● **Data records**
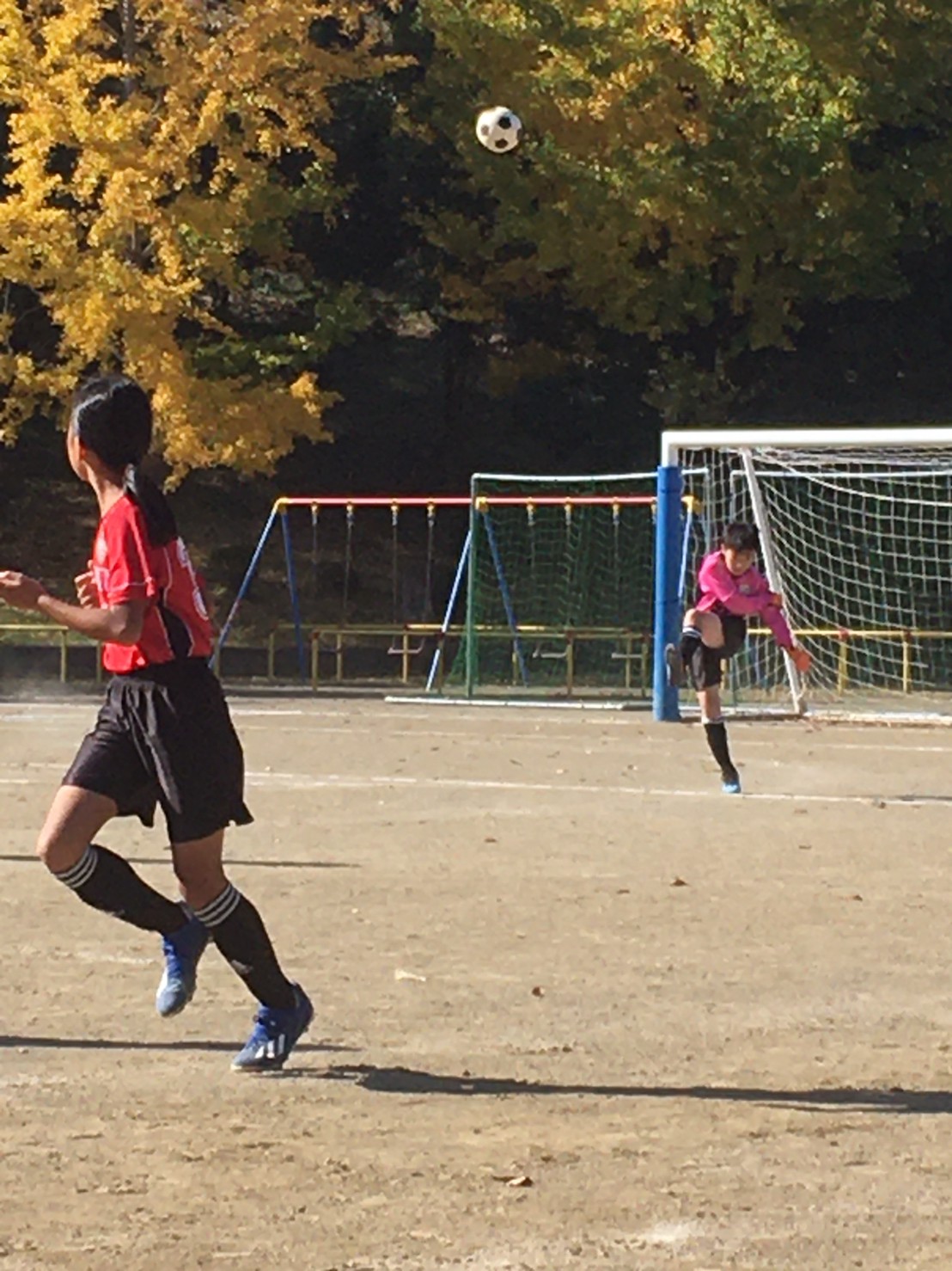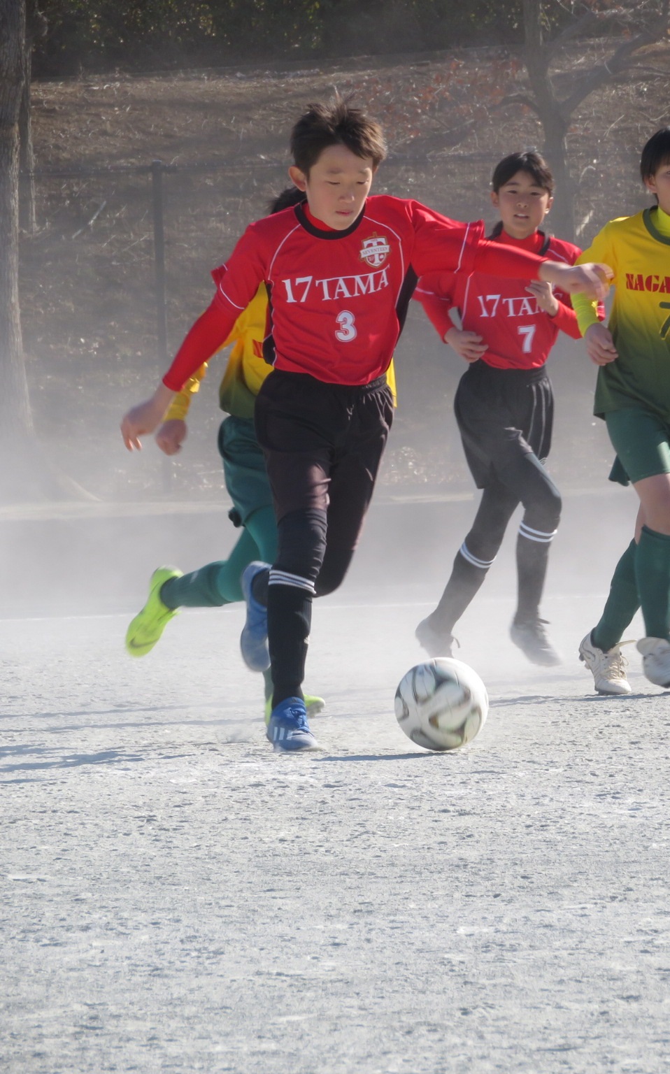ぬかるみで滑ったり、ドリブルしても足元にボールがついてこなかったりと、普段通りにことが進みませんでした。
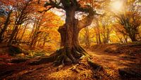 Oude boom met zonnestralen in het herfstbos
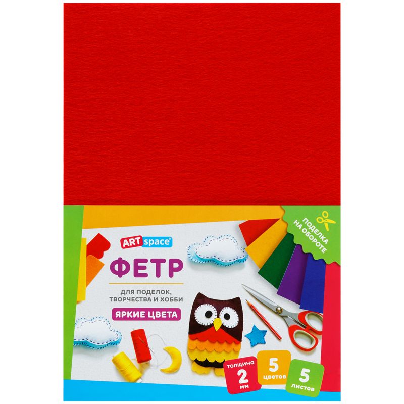Фетр ArtSpace, А4, 5л., 5цв., 2мм, интенсив
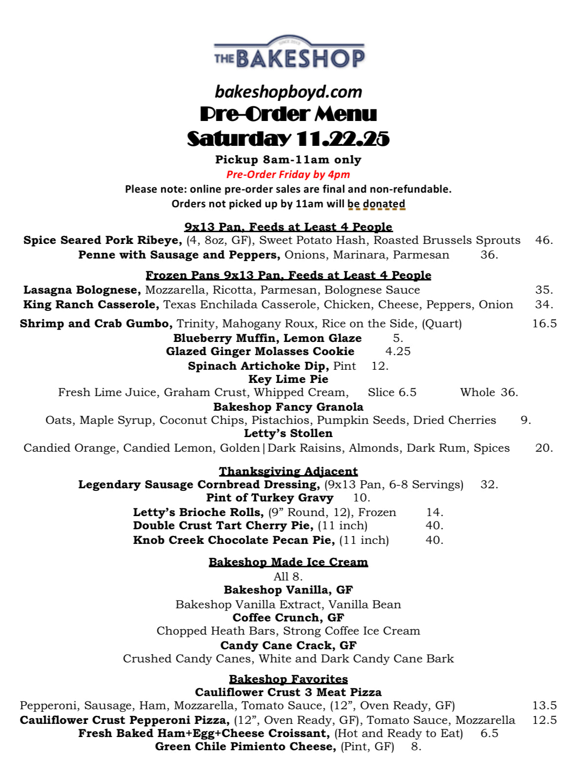 Thanksgiving pick up 11.26 from 10am until 2pm only
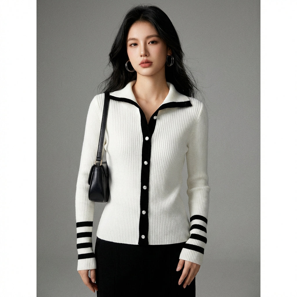 Cardigan tricoté bicolore blanc, style français décontracté - Koreanxwear
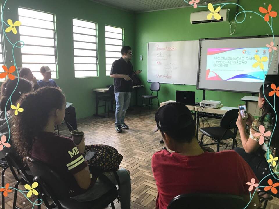 Os alunos participaram, após as atividades de aula, de uma roda de conversa sobre Procrastinação Danosa e Procrastinação Eficiente, Ócio criativo, entre outros assuntos.
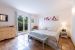 On the garden level, two bedrooms with private terraces are accompanied by two bathrooms, WC, a laundry area, and a storage room.
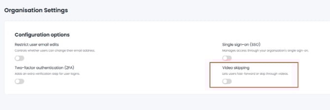 In the 'Organisation Settings' area you will see an option titled 'Video Skipping'
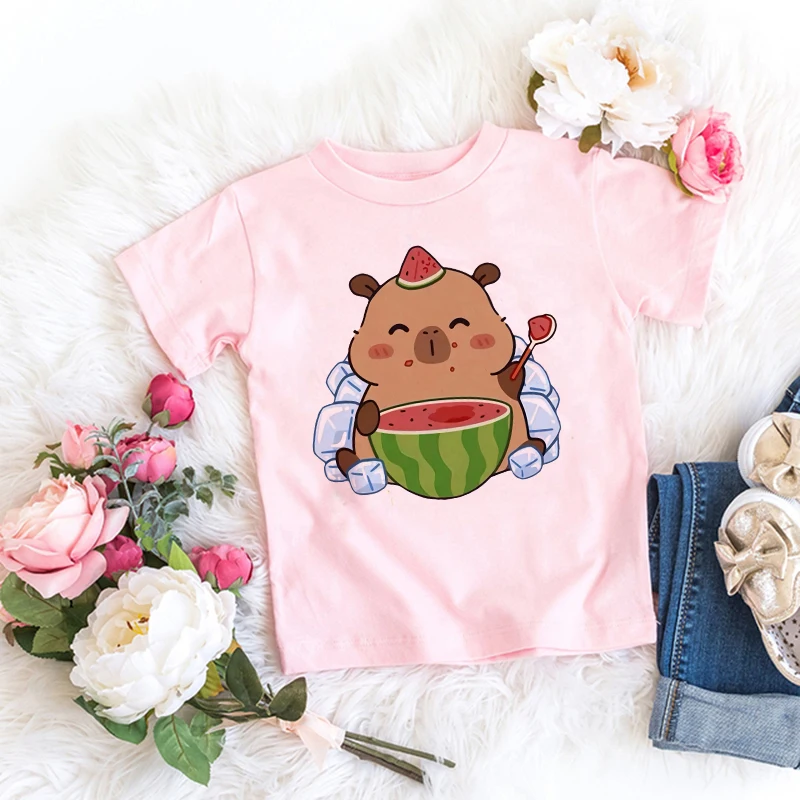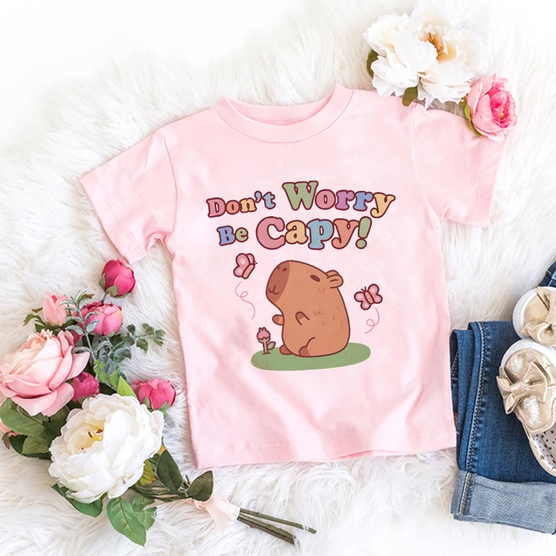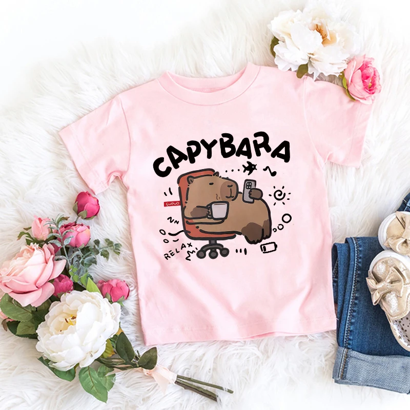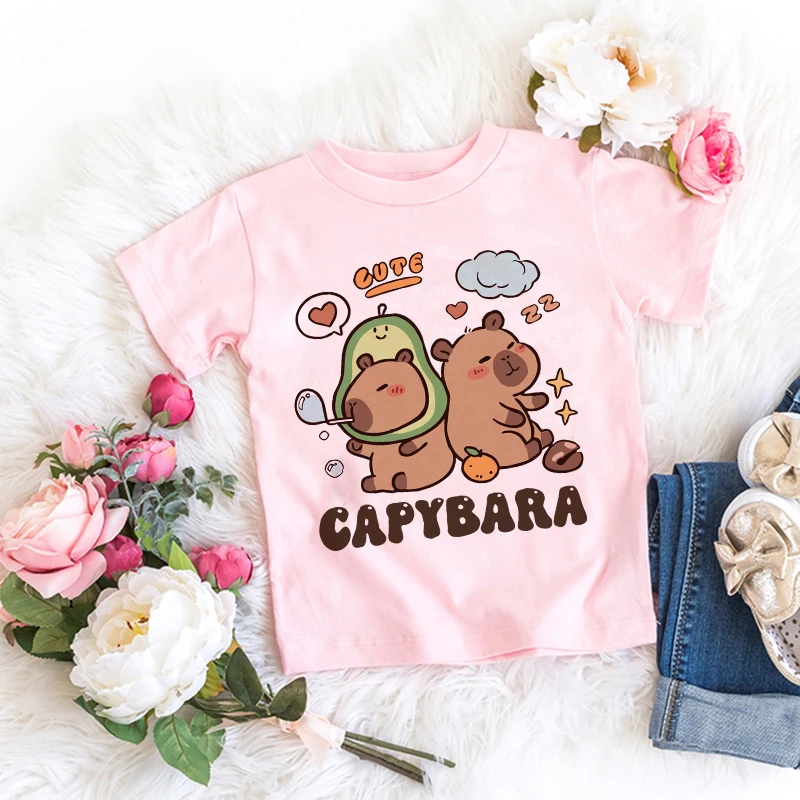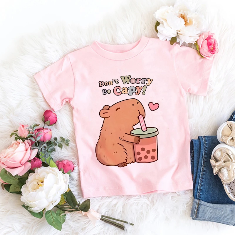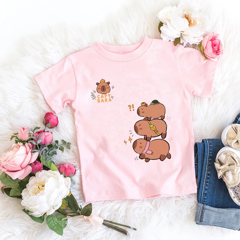 Kawaii Capybara Tshirt 어린이 어린이 티셔츠 capibara 만화 의류 키즈 소녀 소년 Capybaras T 셔츠 아기 캐주얼 탑 의류
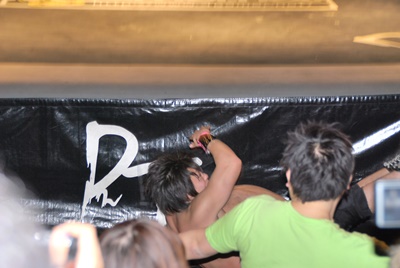 石井イサミを花道に上げトップロープ越しのジャーマン狙う(右写真)、
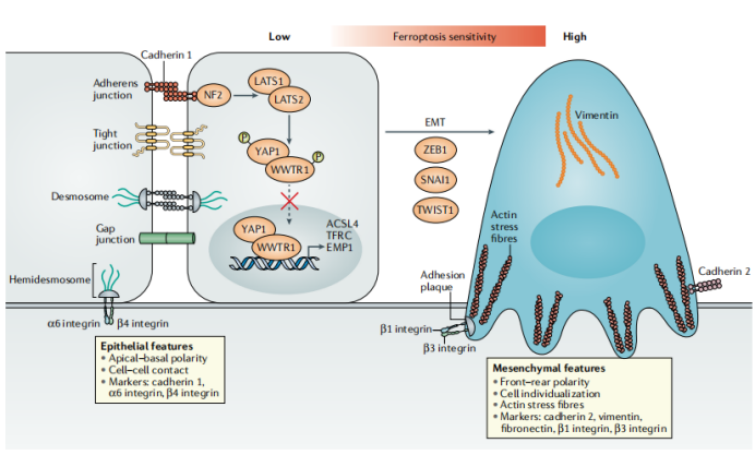 在上皮細(xì)胞中,細(xì)胞-細(xì)胞接觸抑制鐵死亡,部分是通過鈣粘蛋白1介導(dǎo)的抑制YAP1轉(zhuǎn)錄活性。相比之下,間充質(zhì)狀態(tài)的細(xì)胞由于細(xì)胞-細(xì)胞接觸的缺失和參與上皮-間充質(zhì)轉(zhuǎn)化(EMT)的因子的激活,如ZEB1、SNAI1和TWIST1,容易發(fā)生鐵死亡。

● **Work task**
Write down exactly what the lines above say, from the line holding "Cardigan tricoté bicolore" through the line holding "石井イサミを花道に上げトップロープ越しのジャーマン狙う(右写真)、", and nothing more. Do not copy the pictures.

● **The answer**
 Cardigan tricoté bicolore blanc, style français décontracté - Koreanxwear
 Os alunos participaram, após as atividades de aula, de uma roda de conversa sobre Procrastinação Danosa e Procrastinação Eficiente, Ócio criativo, entre outros assuntos.
 On the garden level, two bedrooms with private terraces are accompanied by two bathrooms, WC, a laundry area, and a storage room.
 In the 'Organisation Settings' area you will see an option titled 'Video Skipping'
 Kawaii Capybara Tshirt 어린이 어린이 티셔츠 capibara 만화 의류 키즈 소녀 소년 Capybaras T 셔츠 아기 캐주얼 탑 의류
 石井イサミを花道に上げトップロープ越しのジャーマン狙う(右写真)、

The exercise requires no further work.